TASK DIRECTIONS: Find the line with "PORTUGAL AND SPAIN" in the entries below, then output every line from it down to the line with "LEO team patrolling", exactly and with no pictures.

DATA SECTION:
BEGIN

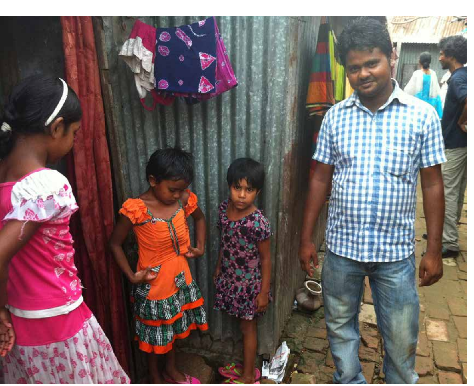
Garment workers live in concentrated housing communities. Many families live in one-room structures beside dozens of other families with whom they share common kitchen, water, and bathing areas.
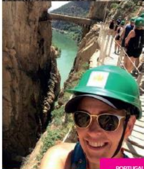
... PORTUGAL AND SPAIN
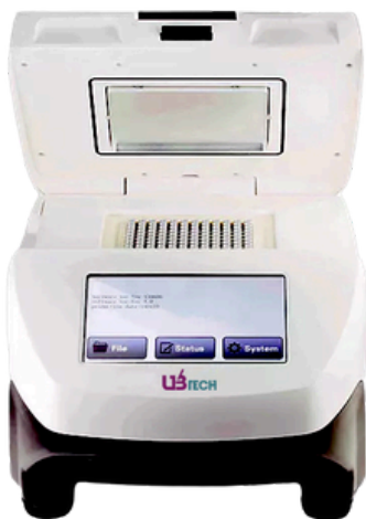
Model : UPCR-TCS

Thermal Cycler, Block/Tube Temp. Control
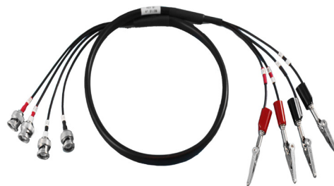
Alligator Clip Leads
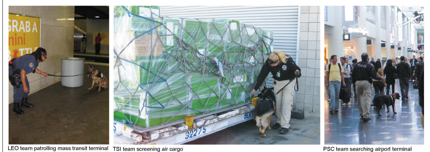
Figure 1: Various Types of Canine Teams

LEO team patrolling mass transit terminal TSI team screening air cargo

END
BEGIN

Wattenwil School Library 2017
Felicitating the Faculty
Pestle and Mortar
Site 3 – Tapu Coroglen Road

END

SOLUTION TO THIS PROBLEM:
... PORTUGAL AND SPAIN
Model : UPCR-TCS

Thermal Cycler, Block/Tube Temp. Control
Alligator Clip Leads
Figure 1: Various Types of Canine Teams

LEO team patrolling mass transit terminal TSI team screening air cargo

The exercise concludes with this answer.